So, Nick Clegg has made his choice, David Cameron is Prime Minister, and Britain heads into the unfamiliar world of coalition government. Again, Disraeli’s famous line that “England does not love coalitions” will be put to the test.
For the Liberal Democrats, coalition comes with particularly bad precedents. The past three coalition governments in Britain were during the two World Wars and the Great Depression. The First World War coalition all but destroyed the Liberal Party; the National government during the Depression was the ruin of what was left of it, and the Second World War coalition was the last time that Liberals had any participation in government.
There has been one subsequent near-government experience: in 1977 the Liberals entered into an agreement to support the then-tottering Labour government in return for certain policy concessions, but without entering the ministry. The agreement only lasted a year, and in 1979 the Liberals voted with the Tories to bring down the government: at the subsequent election they lost a quarter of their votes and fell back to 11 seats.
Britain has a deeply held self-image as a two-party system. In reality, there have often been powerful third parties: the Canningites in the late 1820s, the Peelites in the 1850s, the Irish Nationalists from the 1870s onwards and the Liberal Unionists in the 1880s and ’90s. But actual coalitions tended to be short-lived and unsuccessful — such as the Peelite-Whig government of 1852, which fell apart during the Crimean War.
The 20th century experience was no different. In 1914, the Liberals were in government; not travelling well, but unquestionably one of the two major parties. But the war was a disaster for a party based on free trade and international co-operation. The Conservatives, with no scruples about aggressive war making, soon came to dominate the wartime coalition; the Liberals split, and when the Conservatives ejected the remnant from the coalition after the war, they found the Labour Party had supplanted them as the main force on the left.

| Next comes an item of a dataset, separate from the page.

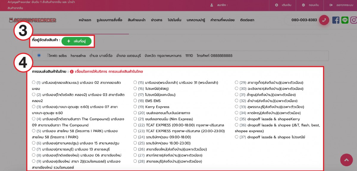 3.เลือกที่อยู่สำหรับการจัดส่งสินค้า

In 1924 and 1929 the Liberals supported minority Labour governments, but without getting anything in return. This display of impotence hurt them electorally, particularly since Labour was willing to suffer short-term losses in order to squeeze out the Liberals and supplant them. But the Liberals still resisted any co-operation with the Tories; as the Liberal Magazine put it in 1923:
“… there are no conceivable circumstances in which the Liberal Party could enter into a coalition, alliance, partnership, understanding, or other collusive arrangement … with the Conservative Party. Liberals are not separated from Conservatives merely by a difference in the way of doing things … They are separated in their fundamental aims, in thought, in idea, in principle …”
As the Greens in Australia risk discovering, a minor party that can only deal with one side has trouble maintaining a raison d’etre. The Liberals did ultimately link up with the Conservatives in the National government of 1931, but they soon split again before being all but wiped out in the 1935 election.
After 50 years in the wilderness, the Liberals returned to relevance in the 1980s, and now Nick Clegg has led them back to the government benches. As the only combination that could provide stable government, the agreement with the Tories makes considerable sense. But the sad history of coalition politics is bound to give him some sleepless nights.